The most important thing is not the percentage, it is the arguments they use to put it in the first place. The anguish about inflation no longer has to do with current data, the price of raw materials or the expectations that the market manages, which are considered as ” transitory “, but because of the price that food has reached in the world.
The UN agency for Food and Agriculture, FAO, issued a serious warning at the beginning of the month about the increase in prices of basic food around the world. Its price index increased 39.7% in May to reach 2011 levels .
The pandemic only temporarily averted the perfect storm over the food sector, the organization explained. China’s voracity for basic grains, such as wheat, or soybeans, products that serve as a food base for much of the world and for the meat industry, the severe drought in Brazil, one of the main pantries on the planet, and the skyrocketing prices of vegetable oils to meet the energy demand for biodiesel are behind a historic increase in food prices.
The fear of the recession and strong falls of the stock market disappear
The report highlights that concern about a global recession has disappeared in investors’ minds. And that a large percentage suggest that the peak of growth is already very close. 35% see that the cycle will reach its maximum level in the fourth quarter of 2021 , while 29% say that it will be the first quarter of next year. Among the reasons they put forward is the prospect of a withdrawal of fiscal and monetary support.

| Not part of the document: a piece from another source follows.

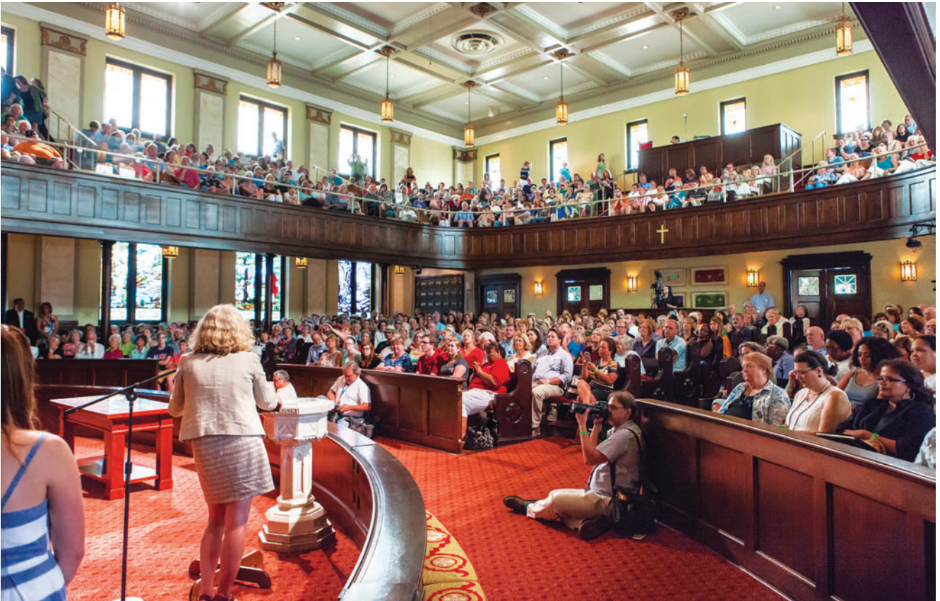
Galloway Church will once again be the main venue for several panels with famous authors.

“There are already many signs that economic support in the face of the pandemic is firmly in decline,” they say from Bank of America. “Fiscal policy measures are nearing an end and global money supply growth is fading, with the expiration of the cycle and the PEPP (ECB’s Pandemic Emergency Purchasing Program) approaching its end date, we believe that the fourth quarter is set for a more pronounced period of credit facility decompression, “they warn.